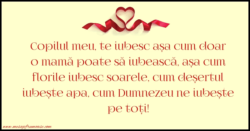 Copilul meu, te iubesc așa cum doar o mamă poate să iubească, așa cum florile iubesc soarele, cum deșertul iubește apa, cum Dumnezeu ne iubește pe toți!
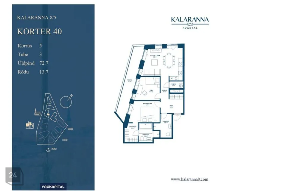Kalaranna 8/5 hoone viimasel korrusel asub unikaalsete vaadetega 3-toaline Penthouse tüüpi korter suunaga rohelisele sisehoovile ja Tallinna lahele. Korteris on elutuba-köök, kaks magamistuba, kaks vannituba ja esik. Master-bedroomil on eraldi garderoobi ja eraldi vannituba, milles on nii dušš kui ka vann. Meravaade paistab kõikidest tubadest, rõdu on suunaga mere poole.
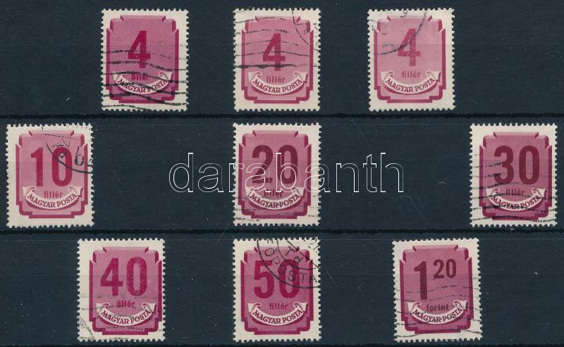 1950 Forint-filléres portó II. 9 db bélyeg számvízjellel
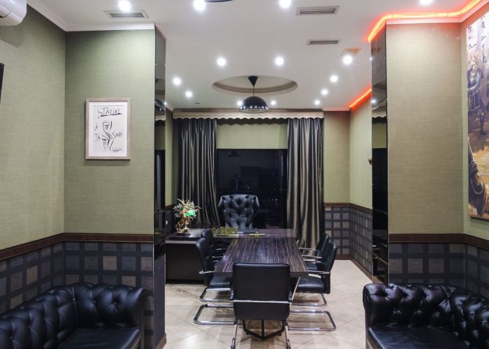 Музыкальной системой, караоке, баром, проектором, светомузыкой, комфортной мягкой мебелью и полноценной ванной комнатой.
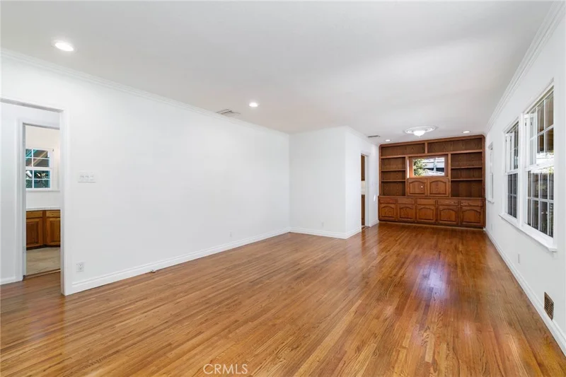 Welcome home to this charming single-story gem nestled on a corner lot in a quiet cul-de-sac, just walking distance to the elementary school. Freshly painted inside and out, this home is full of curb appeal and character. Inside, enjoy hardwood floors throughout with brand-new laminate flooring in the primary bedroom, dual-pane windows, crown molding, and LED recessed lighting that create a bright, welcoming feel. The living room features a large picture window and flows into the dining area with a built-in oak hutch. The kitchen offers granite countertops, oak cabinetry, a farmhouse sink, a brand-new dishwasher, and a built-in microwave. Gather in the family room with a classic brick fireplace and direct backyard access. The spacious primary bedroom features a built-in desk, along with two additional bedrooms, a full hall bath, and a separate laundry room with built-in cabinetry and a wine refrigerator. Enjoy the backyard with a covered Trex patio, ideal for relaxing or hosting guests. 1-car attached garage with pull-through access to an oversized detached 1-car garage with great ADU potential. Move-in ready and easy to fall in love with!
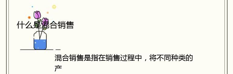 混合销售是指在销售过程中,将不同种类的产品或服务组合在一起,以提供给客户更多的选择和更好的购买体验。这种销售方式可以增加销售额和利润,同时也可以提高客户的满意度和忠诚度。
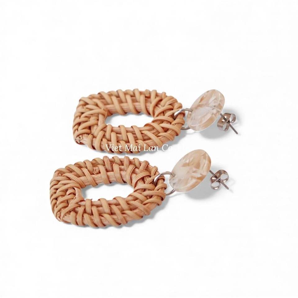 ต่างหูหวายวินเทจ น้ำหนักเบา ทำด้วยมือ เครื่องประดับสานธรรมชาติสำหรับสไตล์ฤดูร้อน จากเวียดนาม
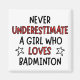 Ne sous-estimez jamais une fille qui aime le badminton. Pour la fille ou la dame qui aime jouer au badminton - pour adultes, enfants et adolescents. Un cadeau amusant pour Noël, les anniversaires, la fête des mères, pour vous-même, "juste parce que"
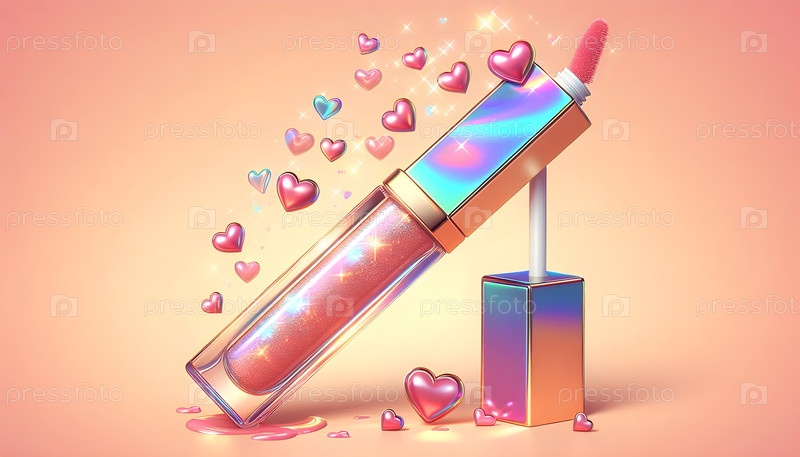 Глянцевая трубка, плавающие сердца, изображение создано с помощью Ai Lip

::::::::::

All the records need to be printed again exactly as written, though without their pictures.

• [Your response]:
 Copilul meu, te iubesc așa cum doar o mamă poate să iubească, așa cum florile iubesc soarele, cum deșertul iubește apa, cum Dumnezeu ne iubește pe toți!
Kalaranna 8/5 hoone viimasel korrusel asub unikaalsete vaadetega 3-toaline Penthouse tüüpi korter suunaga rohelisele sisehoovile ja Tallinna lahele. Korteris on elutuba-köök, kaks magamistuba, kaks vannituba ja esik. Master-bedroomil on eraldi garderoobi ja eraldi vannituba, milles on nii dušš kui ka vann. Meravaade paistab kõikidest tubadest, rõdu on suunaga mere poole.
 1950 Forint-filléres portó II. 9 db bélyeg számvízjellel
 Музыкальной системой, караоке, баром, проектором, светомузыкой, комфортной мягкой мебелью и полноценной ванной комнатой.
 Welcome home to this charming single-story gem nestled on a corner lot in a quiet cul-de-sac, just walking distance to the elementary school. Freshly painted inside and out, this home is full of curb appeal and character. Inside, enjoy hardwood floors throughout with brand-new laminate flooring in the primary bedroom, dual-pane windows, crown molding, and LED recessed lighting that create a bright, welcoming feel. The living room features a large picture window and flows into the dining area with a built-in oak hutch. The kitchen offers granite countertops, oak cabinetry, a farmhouse sink, a brand-new dishwasher, and a built-in microwave. Gather in the family room with a classic brick fireplace and direct backyard access. The spacious primary bedroom features a built-in desk, along with two additional bedrooms, a full hall bath, and a separate laundry room with built-in cabinetry and a wine refrigerator. Enjoy the backyard with a covered Trex patio, ideal for relaxing or hosting guests. 1-car attached garage with pull-through access to an oversized detached 1-car garage with great ADU potential. Move-in ready and easy to fall in love with!
 混合销售是指在销售过程中,将不同种类的产品或服务组合在一起,以提供给客户更多的选择和更好的购买体验。这种销售方式可以增加销售额和利润,同时也可以提高客户的满意度和忠诚度。
 ต่างหูหวายวินเทจ น้ำหนักเบา ทำด้วยมือ เครื่องประดับสานธรรมชาติสำหรับสไตล์ฤดูร้อน จากเวียดนาม
 Ne sous-estimez jamais une fille qui aime le badminton. Pour la fille ou la dame qui aime jouer au badminton - pour adultes, enfants et adolescents. Un cadeau amusant pour Noël, les anniversaires, la fête des mères, pour vous-même, "juste parce que"
 Глянцевая трубка, плавающие сердца, изображение создано с помощью Ai Lip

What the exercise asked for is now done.